To calculate the standard reduction potential for the reaction of Cu(III) to Cu(II), you can use the Nernst equation and the given reduction potentials for the reactions involving Cu(III), Cu(II), and Cu.
The Nernst equation relates the standard reduction potential (E°) to the actual reduction potential (E) under non-standard conditions:
E = E° - (0.0592 / n) * log(Q)
Where:
E = actual reduction potential
E° = standard reduction potential
n = number of electrons transferred in the reaction
Q = reaction quotient
First, let's identify the reactions involved:
Cu3+ + 2e- → Cu+ (Reaction 1)
Cu2+ + e- → Cu+ (Reaction 2)
Cu2+ + 2e- → Cu(s) (Reaction 3)
Cu+ + e- → Cu(s) (Reaction 4)
Now, let's construct the overall reaction:
Cu3+ + e- → Cu2+ (Reaction 5)
To determine the E° for Reaction 5, we need to use the reduction potentials of Reactions 1 and 2. We can add the individual reactions to obtain the overall reaction and their reduction potentials to obtain the overall reduction potential.

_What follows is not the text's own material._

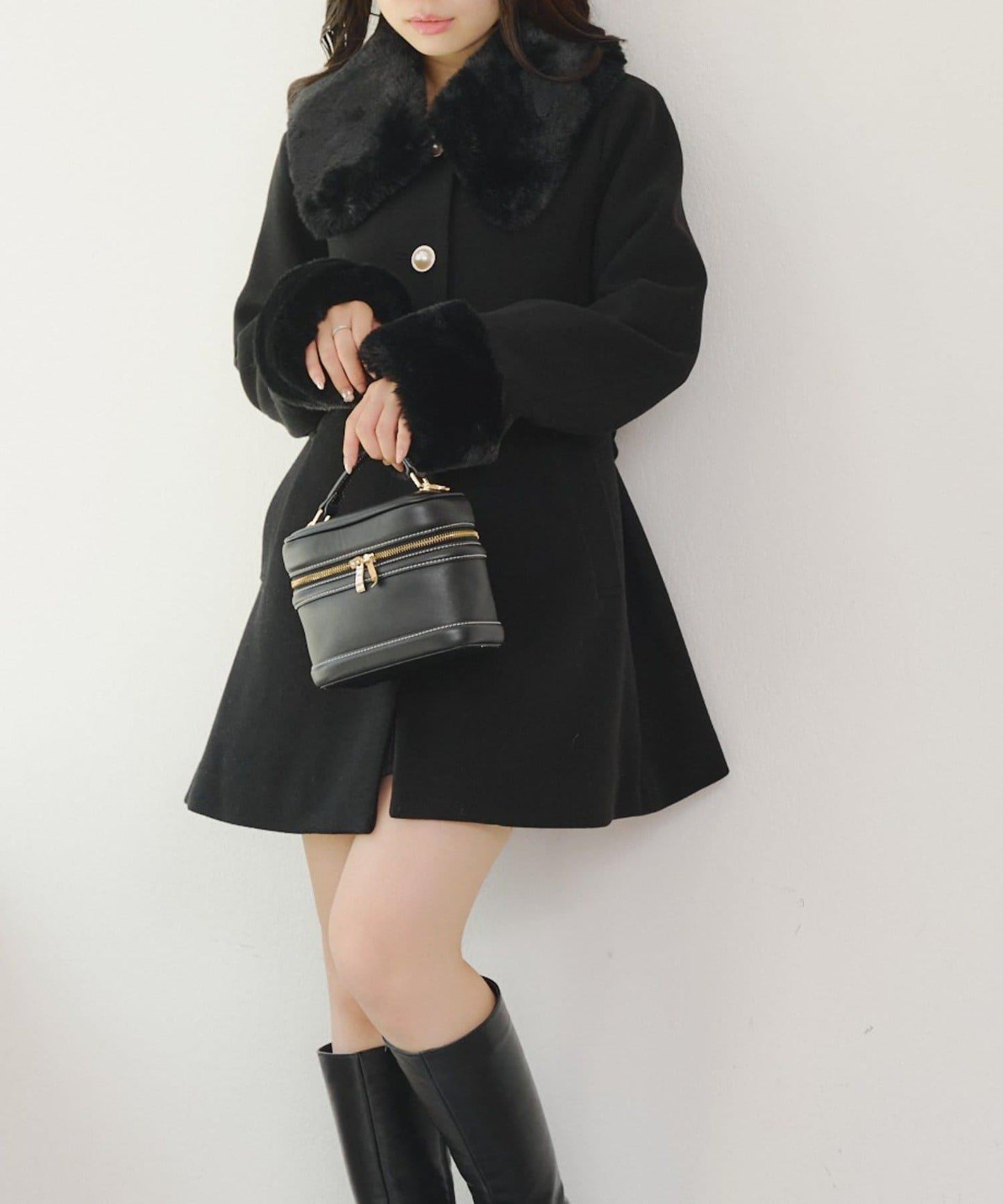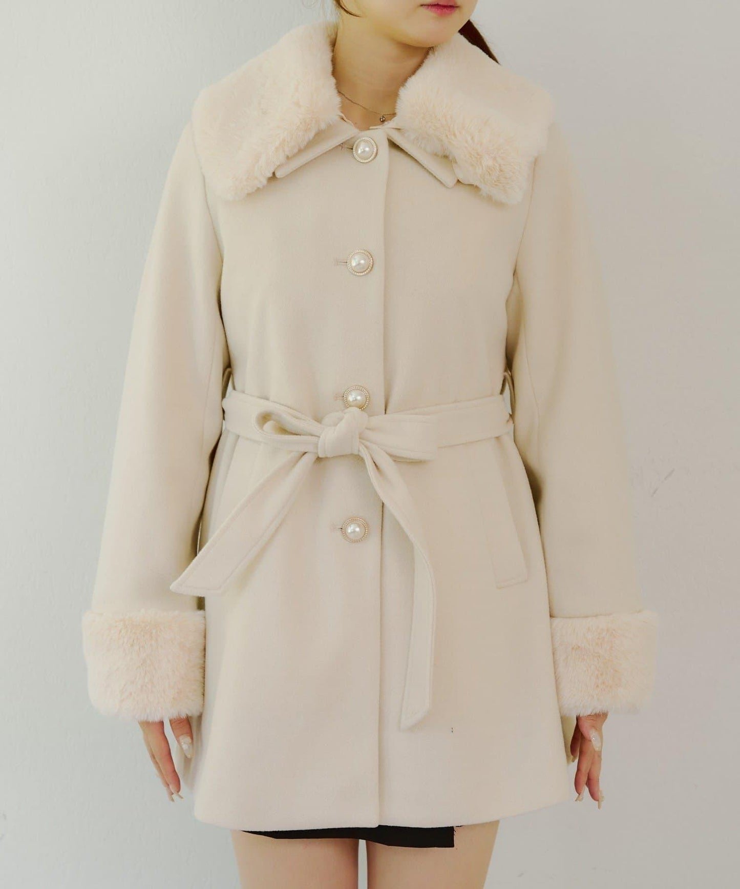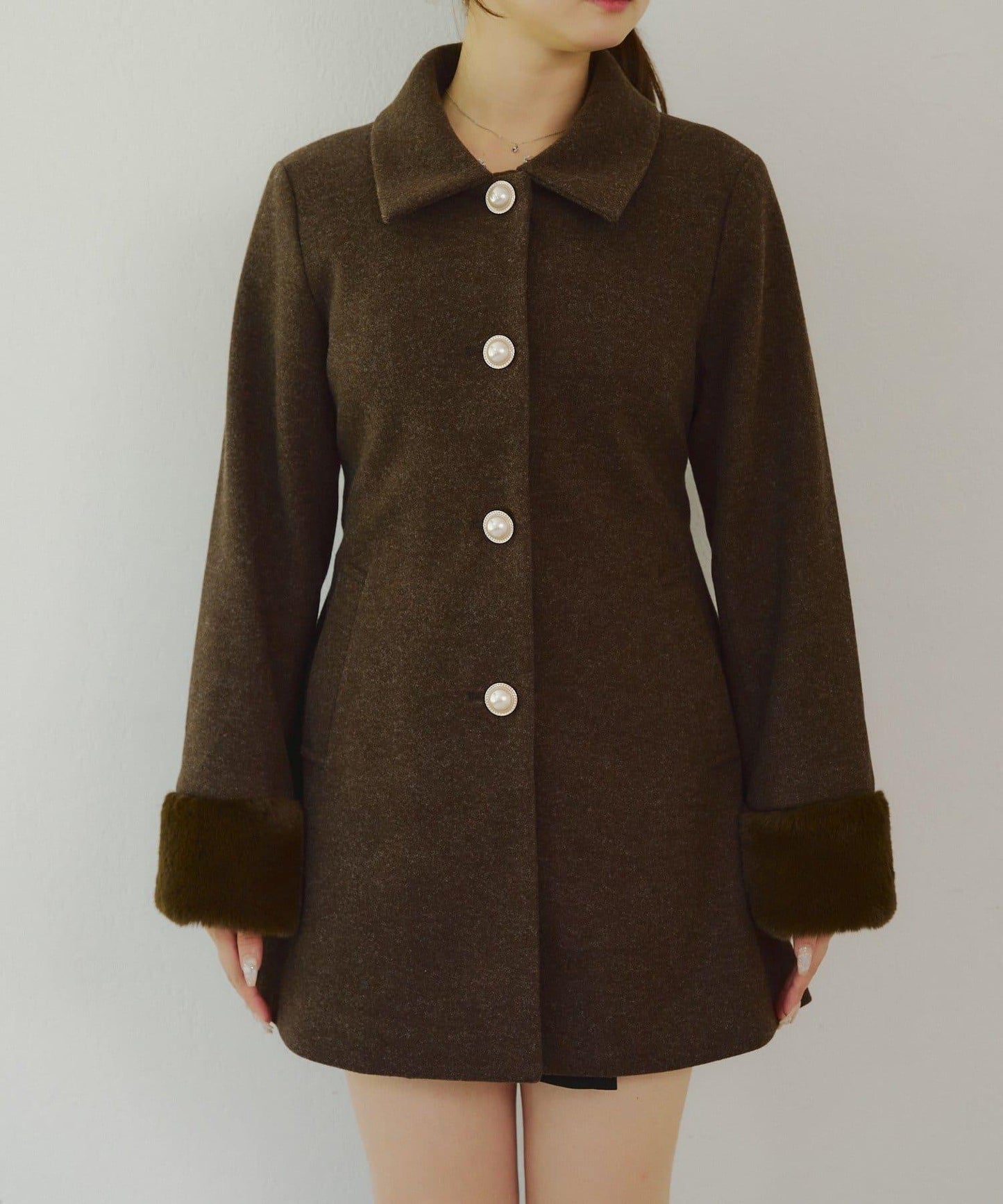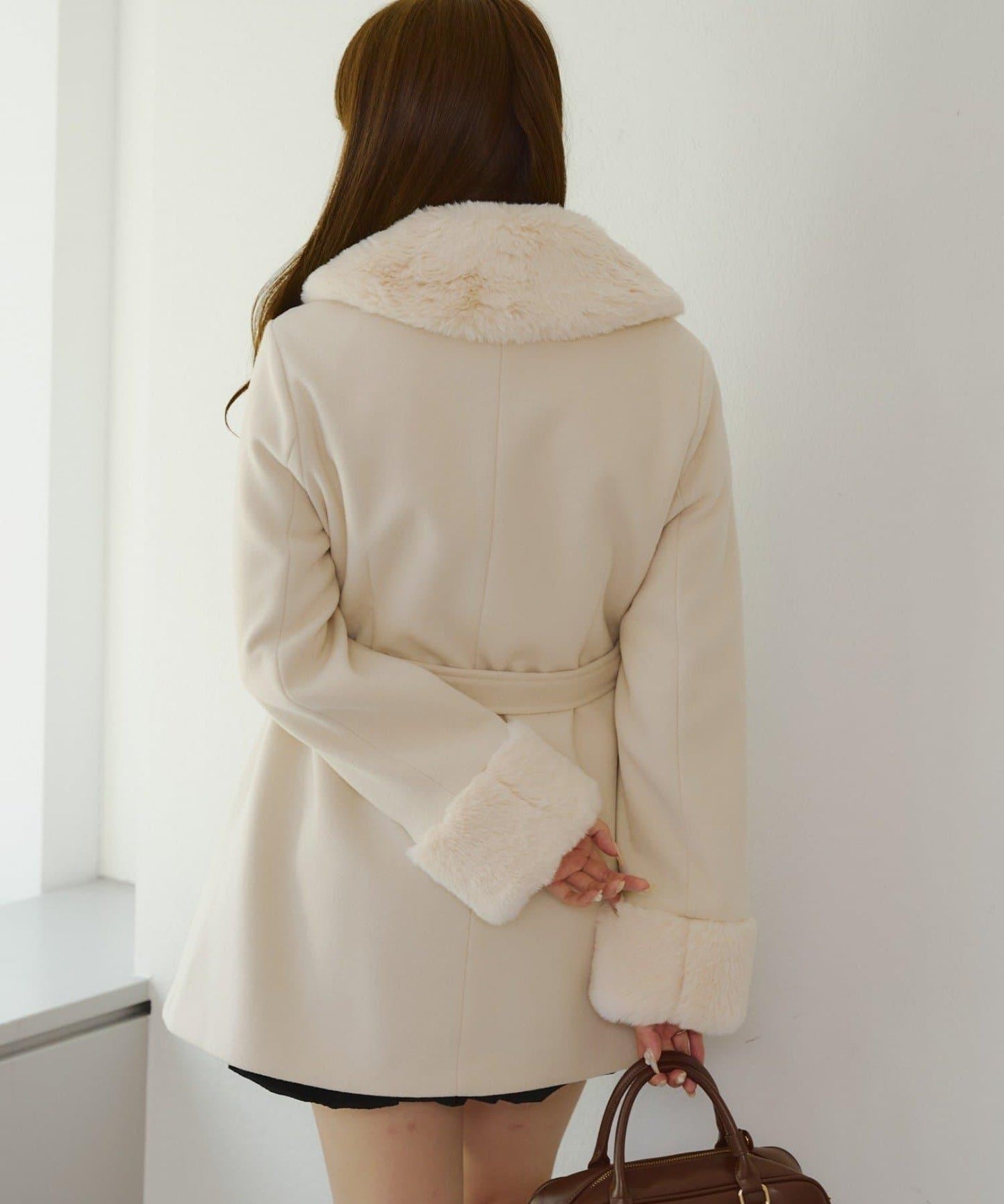 仿皮草中長款大衣

Reaction 1 (-0.15V) + Reaction 2 (-0.15V) = Reaction 5
This simplifies to:
Cu3+ + 3e- → Cu2+
Now, let's calculate the E° for Reaction 5 using the standard reduction potentials for Reactions 1 and 2:
E° = E1 + E2
E° = 1.28V + 0.15V
E° = 1.43V
Therefore, the standard reduction potential for the reaction of Cu(III) to Cu(II) is 1.43V, not 0.783V.